Strategies for dealing with executive function issues
The biggest challenge when it comes to dealing with executive functioning issues is that all of the solutions also require executive function to carry out. “As lovely as it is to suggest making lists to someone with ADHD, they’ve probably made lists. They’ve lost them. Or they weren’t sure how to prioritize them,” said McCabe, who was diagnosed with ADHD when she was younger.
It’s for this reason that dealing with executive function issues is so challenging—it’s needed for pretty much everything you do, and impacts just about every facet of your life. For conditions like ADHD, the most effective way to improve executive functioning is to seek treatment—the main strategy is often medication. ADHD is a neurodevelopmental condition, which is thought to be due to a shortage in the neurotransmitter dopamine. However, as McCabe points out, although medication can help improve the underlying cause, “pills don’t teach skills.”
Medication can help address the underlying neurobiological cause, but it won’t teach you the life skills needed to reach your goals. For that reason, the most effective course of treatment is generally medication combined with therapy, which can help develop the necessary skills.

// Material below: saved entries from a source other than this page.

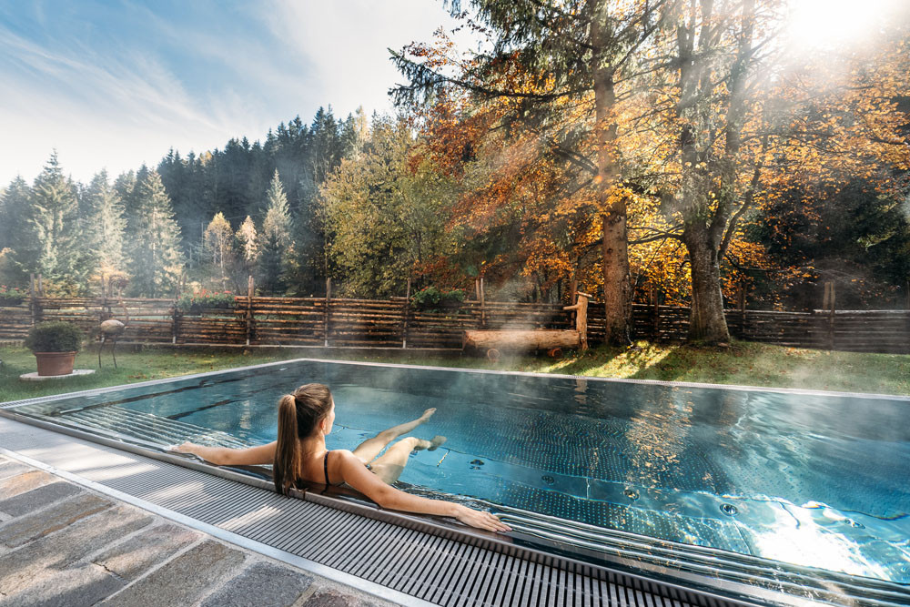 Der hoteleigene „Wald-Wellness“-Bereich ist genau der richtige Ort für ein Entspannungsbad der Gefühle. Die Panorama-Sauna mit Blick in die Natur sowie der beheizte Außenpool sind ein wahres Highlight. Im Ruheraum mit Kuschelkojen können Erholungssuchende die Seele baumeln lassen. Für noch mehr Entspannung sorgen Yoga- & Meditations-Einheiten sowie ein breites Angebot an Wohlfühlmassagen & Naturkosmetikbehandlungen. Auf die sportlichen Gästewartet der Panorama-Fitnessraum. Die beiden ortseigenen Thermen bieten alpine Wellness auf höchstem Niveau.
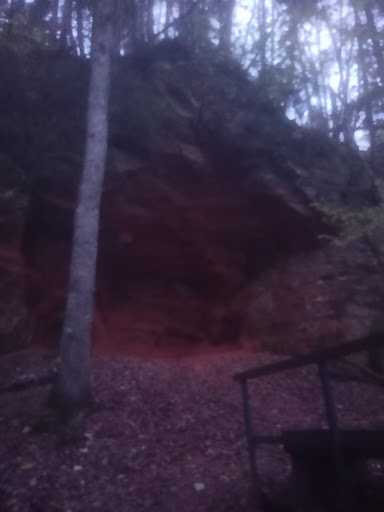 Read moreЧервоні Пагорби - це високі береги заплави річки Гауя. Через піщаник просочується вода, багата на залізо, і фарбує стіни в червоно-бурий колір. Стіна висотою близько 10 м, у ній є кілька неглибоких гротів, два з них містять джерела залізистої води. Перший грот із джерелом може розчарувати, але треба йти далі, там найкрасивіший грот. Відвідувати варто вдень при соняшному світлі, тому що гроти знаходяться серед густої рослинності, і ввечері або в похмуру погоду там досить темно.
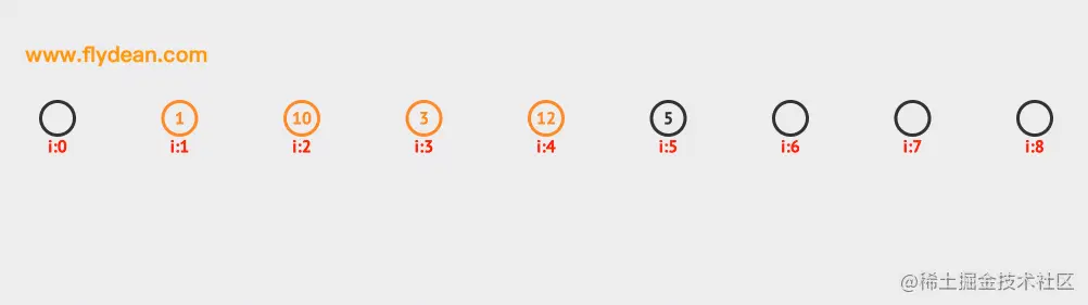 先看个例子,上面的数组中,我们的基数是9,数组中已经有1,3,5这三个元素。
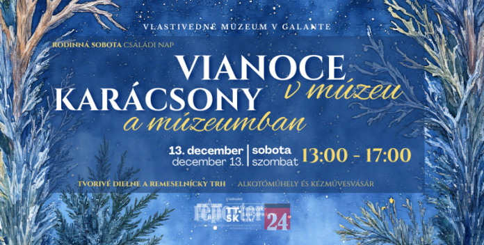 VM Galanta |MM|  Vlastivedné múzeum v Galante pripravilo pre návštevníkov sviatočné podujatie Rodinná sobota – Vianoce v múzeu, ktoré sa uskutoční 13. decembra 2025 v popoludňajších hodinách. Od 13:00 do 17:00 hod. si môžu malí aj veľkí návštevníci vychutnať tvorivé aktivity, obľúbené vianočné dielne aj malý remeselnícky trh. Posledný vstup je o 16:30 hod.
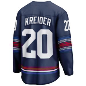 Turn heads with the Chris Kreider New York Rangers Navy Alternate Premium Jersey, a bold take on the Rangers’ traditional look. Representing New York state pride and the fearless energy of the NYR, this jersey features deep navy tones paired with powerful red and white accents. The embroidered logo, stitched name and number, and precision detailing showcase premium craftsmanship. Perfect for fans who crave a fresh look while honoring the team’s proud legacy, this alternate edition embodies New York’s toughness, style, and Kreider’s commitment to excellence on the ice.
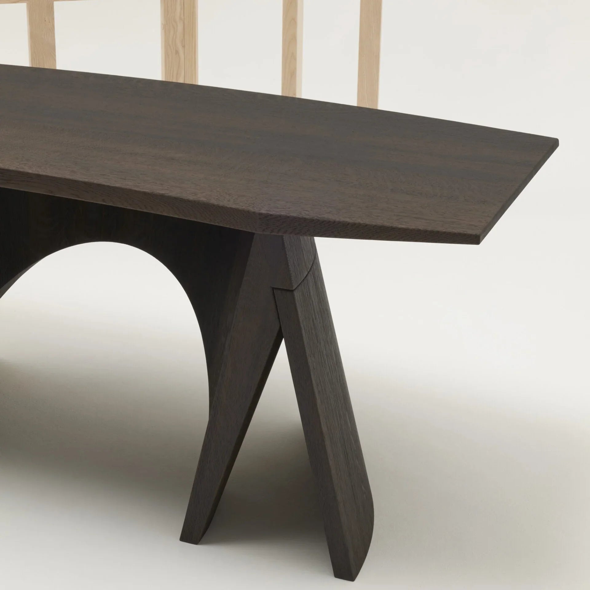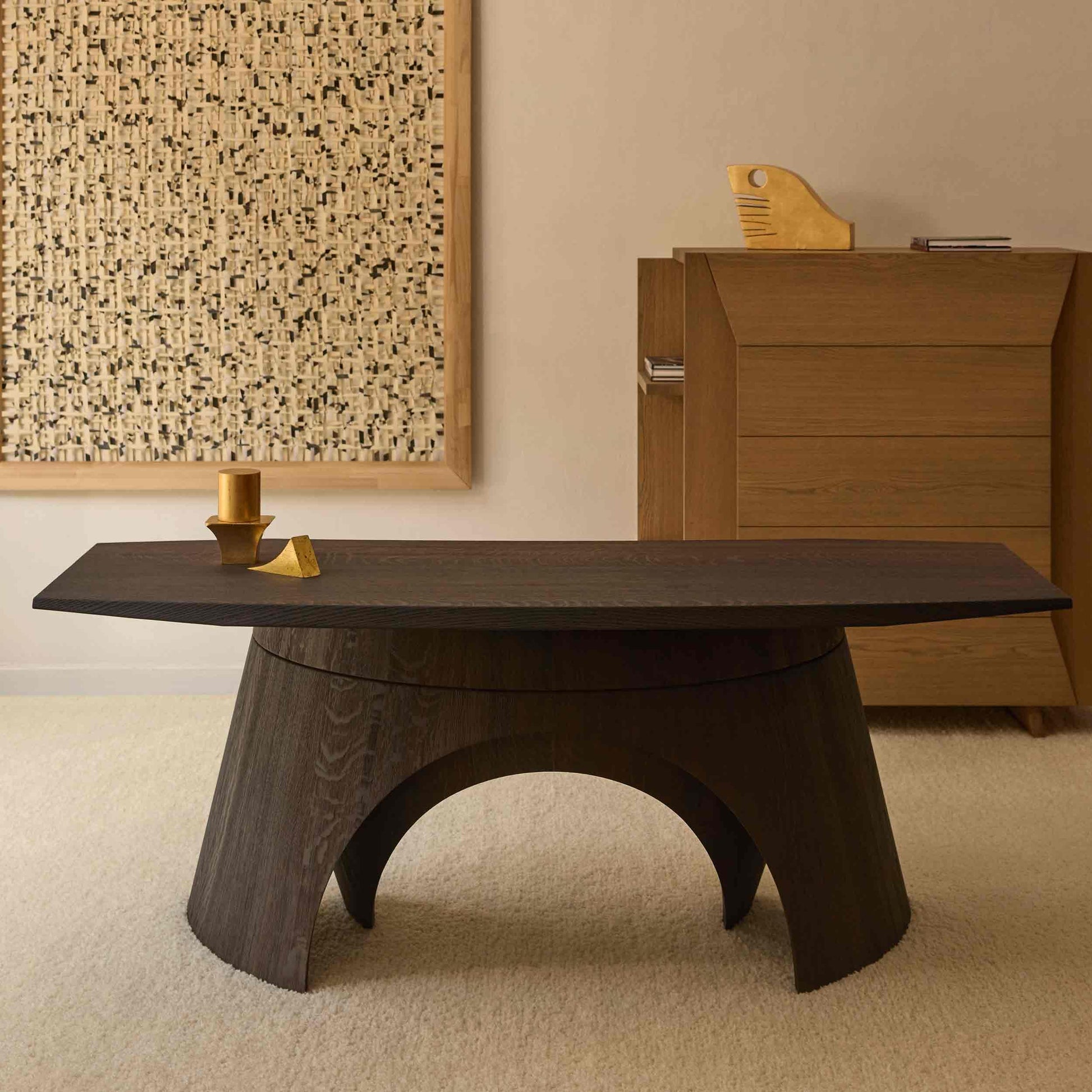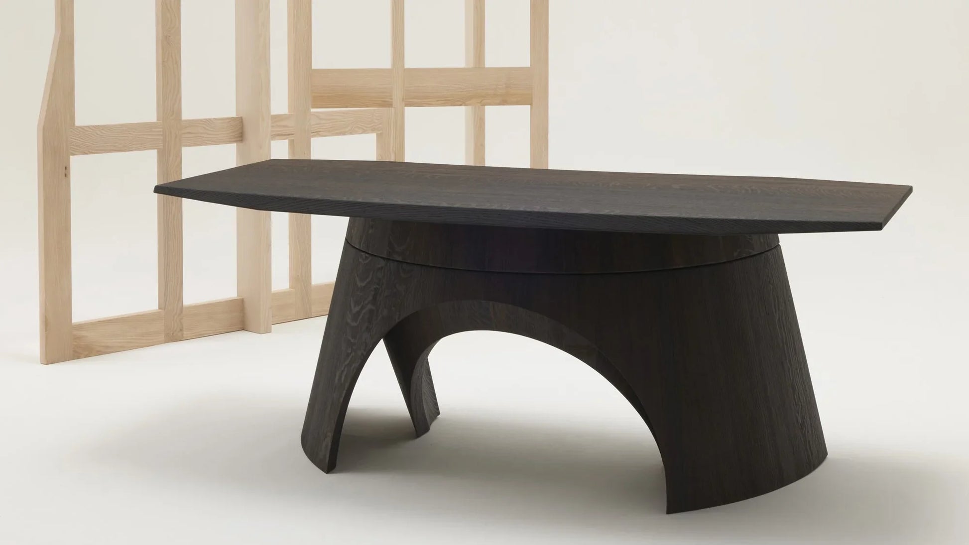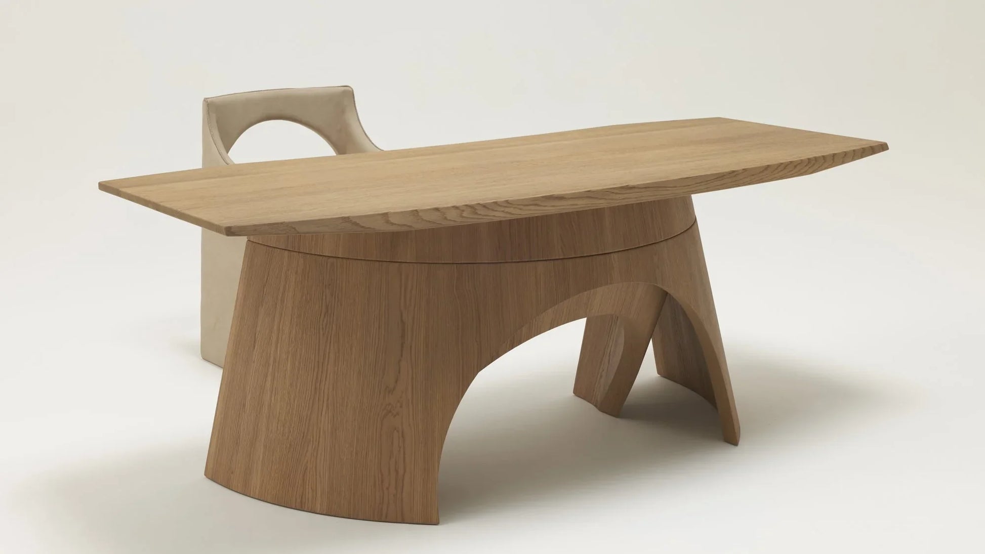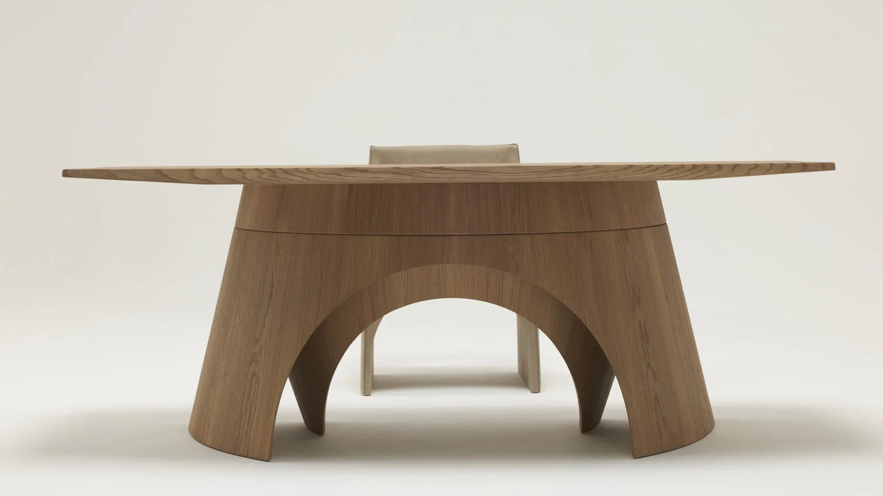 Der Uto Schreibtisch verkörpert eine meisterhafte Interpretation klassischer Designprinzipien. Christophe Delcourts Entwurf für die Delcourt Collection nutzt die geometrische Eleganz der Kompassbeine als konzeptionelle Grundlage und transformiert diese in ein raffiniertes Möbelstück. Durch das subtile Wechselspiel zwischen äußeren Konturen und inneren Gegenformen entsteht eine visuelle Harmonie, die Leichtigkeit mit struktureller Stabilität verbindet. Die Konstruktion besticht durch ihre architektonische Präzision – komplex in der Ausführung, doch transparent in ihrer Formensprache. Das Ergebnis ist ein Schreibtisch, der sowohl ästhetische Ansprüche erfüllt als auch funktionale Anforderungen elegant bewältigt.
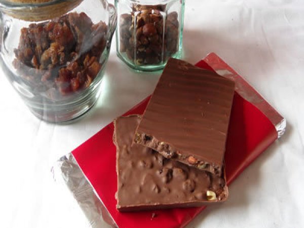 Tablette au chocolat au lait, noisettes et raisins secs Autremoyen15 min153 Kcal Envoyer cette recette à un ami Imprimer cette page Poser une question à l'auteur Publier votre photo de cette recette Ingrédients 8 . 170g de chocolat au lait . 30g de noisettes concassées . 30g de raisins secs Coût estimé: 2.32Euros€ (0.29€/part)

Limit (further) impairments to executive function
If you have executive function issues, it helps to support it in any way you can, which includes lifestyle. Stress and sleep deprivation can lead to short-term impairments of your executive function, while diet and exercise can help it perform at its best.
“It doesn’t make you Superman, it doesn’t make you better than you are, but it at least enables you to bring the best of what you got,” Tuckman said. Of course, as with so many of these strategies, the double whammy is that when you are overwhelmed, prioritizing sleep, diet, and exercise requires significant executive function. “This kind of makes a bad situation worse,” Tuckman said.
Introduce strategies one at a time
There are going to be a hundred different strategies and tricks that can potentially help with your executive function issues. However, as McCabe notes, “a lot of the support we need is in implementing these strategies. Every time we add something new to our plate, to support our executive function, that throws things off for us.”
Instead, McCabe suggests being selective about introducing new strategies, and allow a period of time to get used to it. She also strongly recommends thinking about what has worked in the past and using that as a guide for what can help now. “Don’t start from scratch,” she said. “That’s hard on executive function.”
One of the most important things you can do to support your executive function is to make sure that you are spending your time on what matters, rather than trying to do everything. “Staying on top of everything isn’t realistic for most people, let alone those with executive function challenges,” McCabe said.
Potential strategies can include minimalism, automating things, or picking your battles wisely. “If you want to do more, do less, because the more we’re trying to do, the more we have to keep track of, the harder it is for executive function to stay on top of all that,” McCabe said.
Understand this is a work in progress
Improving and supporting your executive function is a lifelong process. What helps today may not work a year from now when circumstances may have changed—and there are going to be good days and bad days.
“Focus on the long game,” Tuckman said. “Focus on finding better systems and strategies, and then just keep showing up and applying them. If today was a bad day, show up again tomorrow and start over.”